To specifically define and analyze the non-hematopoietic bone marrow niche, de Jong et al. [1] excluded hematopoietic cells, erythroid lineage cells and plasma cells using flow cytometry sorting and simultaneously validated the identity of non-hematopoietic cells by gating for combinations of cell surface markers. The RNA-seq analyses of these non-hematopoietic cells revealed MSCs as five closely related clusters (MSC1-5), endothelial cells, sinusoidal endothelial cells, and osteolineage cells. Uniform manifold approximation and projection (UMAP) of myeloma patients and non-cancer control individuals showed no discernible differences for all the non-hematopoietic cell types with the exception that MSC1 and MSC2 are dramatically enriched in MM patients. This is especially remarkable for MSC1 which constitute 0.4% of total MSCs in non-cancer control individuals that increased to 24% and 33% of total MSCs for hyperdiploid-associated myeloma and translocation-associated myeloma, respectively. Interestingly, UMAP showed a more separable and more delineated contour of MSC1/2 for translocation-associated myeloma than hyperdiploid-associated ones, for which the implication was unknown and warrants further investigation. Interestingly, Ranked Gene Set Enrichment Analysis (GSEA) showed a dramatic enrichment of genes in the ‘TNFα signaling via NFκB’ pathway in MSC1/2 as compared to MSC3/4/5, which mostly comprise inflammatory genes such as chemokines, cytokines, cytokine receptors, etc., suggesting that MSC1/2 represents a myeloma-specific inflammatory signature population. In this sense, de Jong et al. [1] coined “inflammatory MSC” (iMSC) for MSC1/2. The emergence of iMSCs suggested that myeloma has an inflammatory bone marrow microenvironment, which was further confirmed by associated increase of protein levels of the cytokine IL-6, and the chemokines CXCL8 and CCL2 in the bone marrow plasma. That myeloma bone marrow has an inflammatory stromal microenvironment is the major finding in this study. Nonetheless, it’s worth noting that there was no correlation between iMSC percentage and protein levels of inflammatory cytokine/chemokines, suggesting that either a small fraction of iMSCs secrete such cytokine/chemokines or different subsets of iMSCs secrete different cytokine/chemokines, among other possibilities.
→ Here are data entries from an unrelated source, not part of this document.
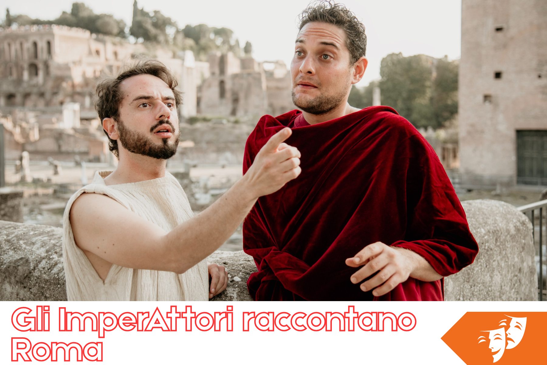 Uno spettacolo teatrale direttamente a scuola con un archeologo e due attori professionisti che interpretano i grandi protagonisti della Repubblica e dell’Impero romano: da Bruto a Giulio Cesare, da Augusto a Nerone, fino a Domiziano e Traiano.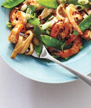 Meanwhile, heat the oil in a large skillet over high heat. Add the shrimp, snow peas, scallion whites, garlic, and ½ teaspoon salt. Cook, tossing occasionally, until the shrimp are cooked through, 2 to 3 minutes.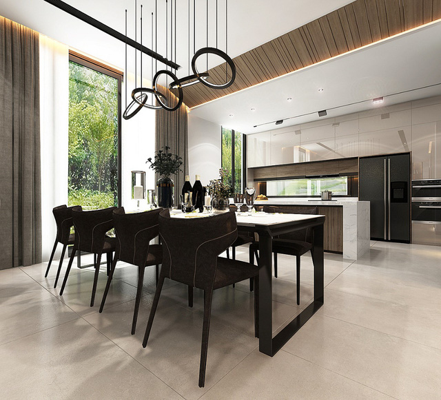 Việc bố trí công năng sử dụng của biệt thự cũng thể hiện chất hiện đại, phóng khoáng của thời đại khi tạo ra không gian sống cởi mở. Toàn bộ khu vực sảnh vào kết nối phòng khách – bếp – phòng ăn tạo thành một không gian hài hòa rộng mở cho cả gia đình.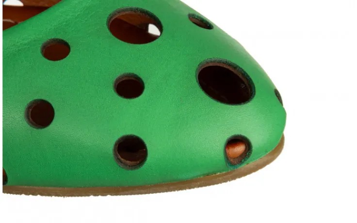 Baleriny płaskie z oddychającą ażurowaną cholewką. Wnętrze w całości skórzane. Zapiętek z miłego w dotyku zamszu, który niweluje możliwość otarć pięty. Antypoślizgowa podeszwa z gumy zapewnia trwałość i przyczepność. Odczuwalna miękkość to zasługa miękkich skór użytych w produkcji tego modelu.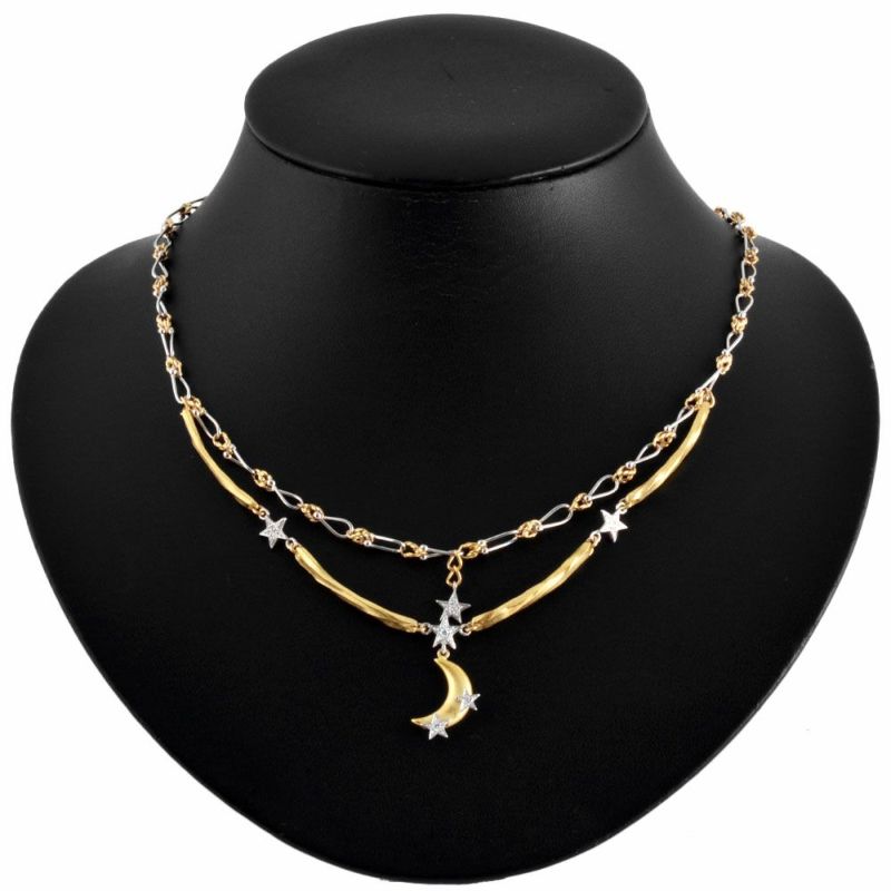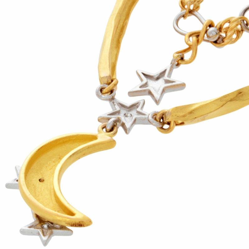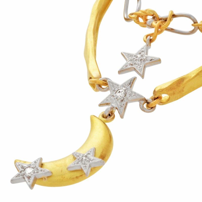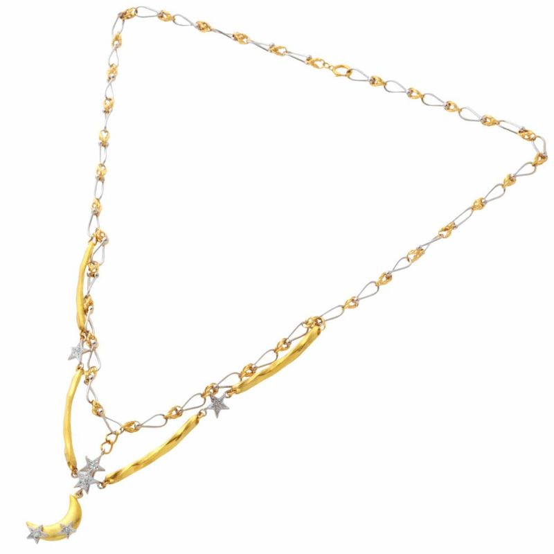 3. 石川暢子 ISHIKAWA NOBUKO アズタイム ムーン モチーフ ネックレス ダイヤモンド 0.03ct K18YG 22.5g Pt900 月 スター【中古】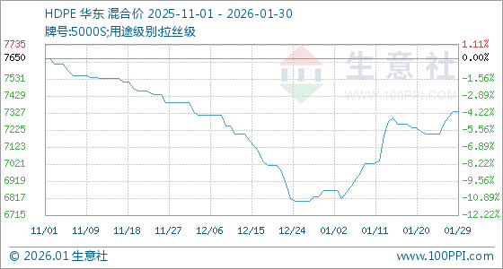 1月30日,生意社HDPE基准价为7337.50元/吨,与本月初(6862.50元/吨)相比,上涨了6.92%。
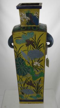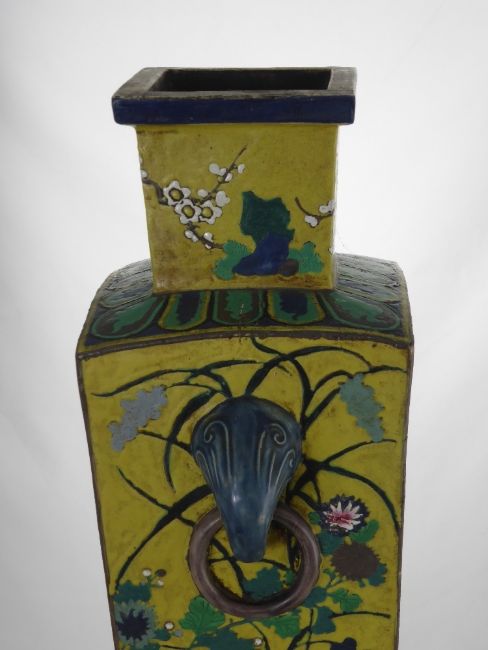 A Chinese Yellow Glaze Ceramic Pillar Vase, the vase painted with lily, blossom and peony benefiting from decorative sea serpent handles, circa 1900, approx 59 cms

A tantalising possibility is that iMSCs might co-localize in the bone marrow with myeloma cells in close vicinity or even direct contact. Testing this possibility with fluorescent immunohistochemistry necessitates defining specific markers for iMSCs. However, unfortunately scRNA-seq analyses failed to identify any markers that were exclusively specific to iMSCs, among a number of genes dramatically enriched in them. de Jong et al. [1] thus exploited this gene expression enrichment and validated the scRNA-seq data by flow cytometry analyses that CD44 was greatly enriched in iMSCs. So, by combining CD44 with a pan-MSC marker CXCL12, they designated CXCL12⁺CD44⁺ cells as a surrogate for iMSCs. de Jong et al. [1] found that CXCL12⁺CD44⁺ iMSCs co-localized with CD138⁺ myeloma cells in bone marrow biopsies from myeloma patients but not that from non-cancer control individuals. However, this interpretation should be taken with caution because myeloma patients had vastly increased numbers of both iMSC and CD138⁺ myeloma/plasma cells in their bone marrow so that detection of their co-localization could be merely a result of mathematical chance. The definitive answer to this interesting possibility of iMSC/myeloma cell co-localization might be attainable by leveraging spatial transcriptomics or the state-of-the-art Stereo-seq [9-12].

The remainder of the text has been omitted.